• [WHAT YOU SHOULD DO] May I please have every record restated word for word, with the images left out?

·····

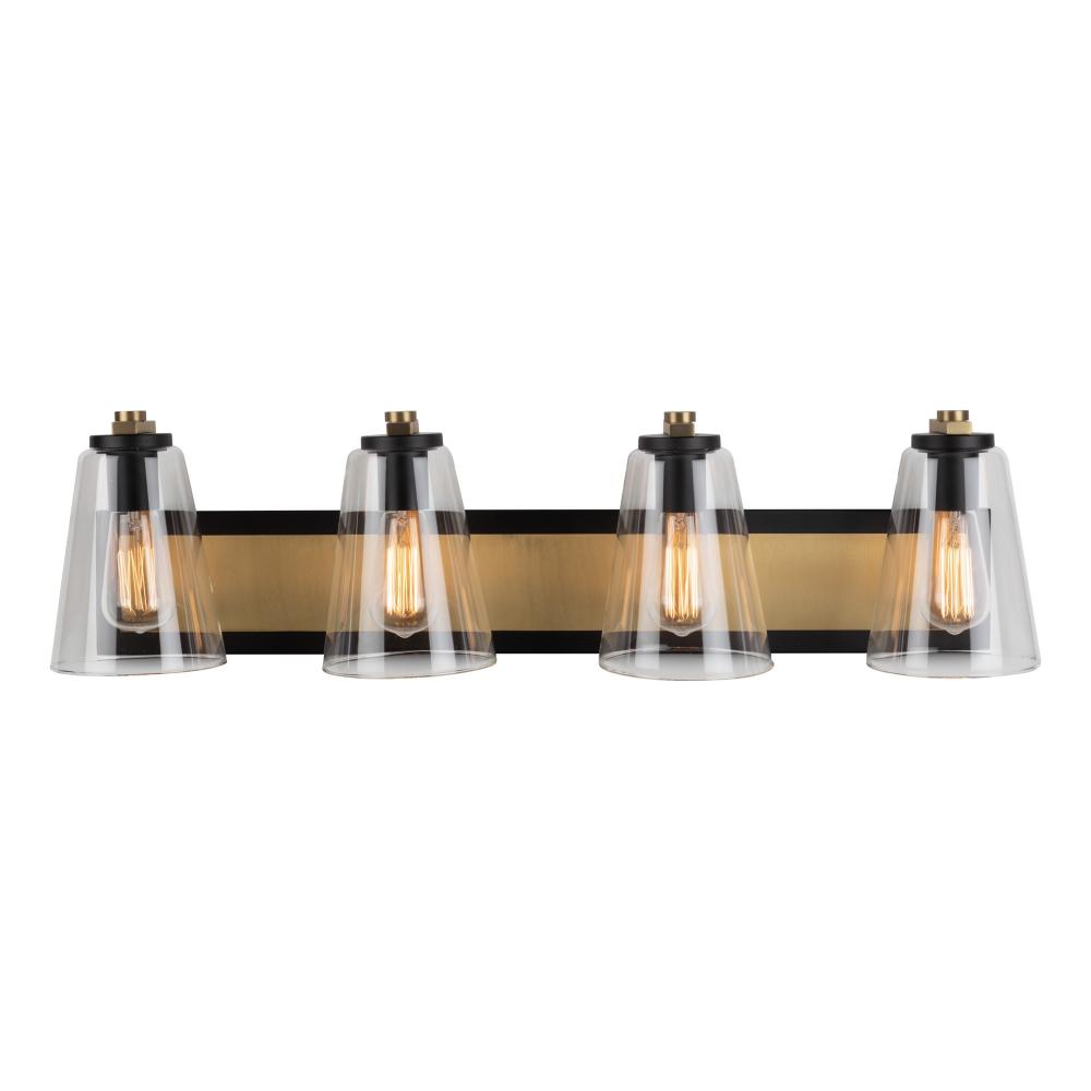 The Treviso collection by designer Kevin Kraemer is a perfect addition to any vanity area. This series features clear cone shaped glassware and is complimented with a black frame and brass accents. It almost appears at the holder has the bulb floating within. Four light version shown but available as a single sconce or 3 light as well.
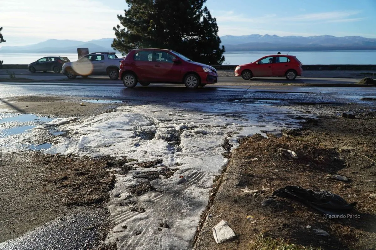 La ola polar que afecta a Bariloche y localidades de la región provoca que cualquier perdida en la calle o vereda se convierta en una pista de hielo, lo que provoca complicaciones para la circulación urbano.
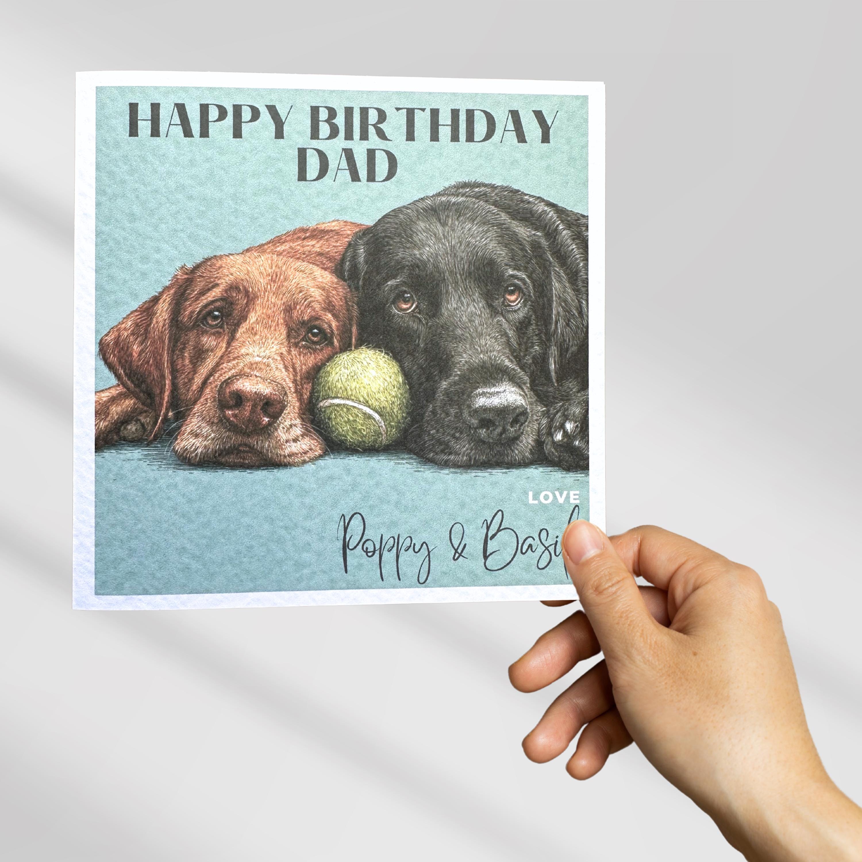 Looking for the perfect birthday card for a dog or labrador lover? This charming 6x6 inch card features a beautiful black and fox red labrador with a tennis ball.
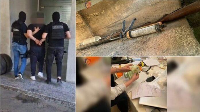 Gjatë kontrolleve janë sekuestruar sendet që kanë shërbyer për kryerjen e veprës penale apo sende që përbëjnë produkt të veprës penale, shumat e parave 25 mijë euro, 20 mijë paund, sende me vlerë, një ambient i përshtatuar për falsifikim të dokumentave, kompjutera e printera që shërbenin për shitje dhe transferta monedha virtuale – BITCOIN, sasi lëndësh narkotike e dokumenta të tjera me rëndësi për hetimin.
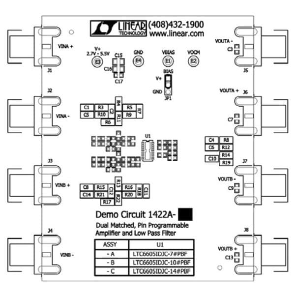 Analog Devices DC1422A-C Differential Amplifiers LTC6605-14 - Dual Matched 14 MHz Low Noi | EMIN.CO.TH

·····

• [RESULT]
 The Treviso collection by designer Kevin Kraemer is a perfect addition to any vanity area. This series features clear cone shaped glassware and is complimented with a black frame and brass accents. It almost appears at the holder has the bulb floating within. Four light version shown but available as a single sconce or 3 light as well.
 La ola polar que afecta a Bariloche y localidades de la región provoca que cualquier perdida en la calle o vereda se convierta en una pista de hielo, lo que provoca complicaciones para la circulación urbano.
 Looking for the perfect birthday card for a dog or labrador lover? This charming 6x6 inch card features a beautiful black and fox red labrador with a tennis ball.
 Gjatë kontrolleve janë sekuestruar sendet që kanë shërbyer për kryerjen e veprës penale apo sende që përbëjnë produkt të veprës penale, shumat e parave 25 mijë euro, 20 mijë paund, sende me vlerë, një ambient i përshtatuar për falsifikim të dokumentave, kompjutera e printera që shërbenin për shitje dhe transferta monedha virtuale – BITCOIN, sasi lëndësh narkotike e dokumenta të tjera me rëndësi për hetimin.
 Analog Devices DC1422A-C Differential Amplifiers LTC6605-14 - Dual Matched 14 MHz Low Noi | EMIN.CO.TH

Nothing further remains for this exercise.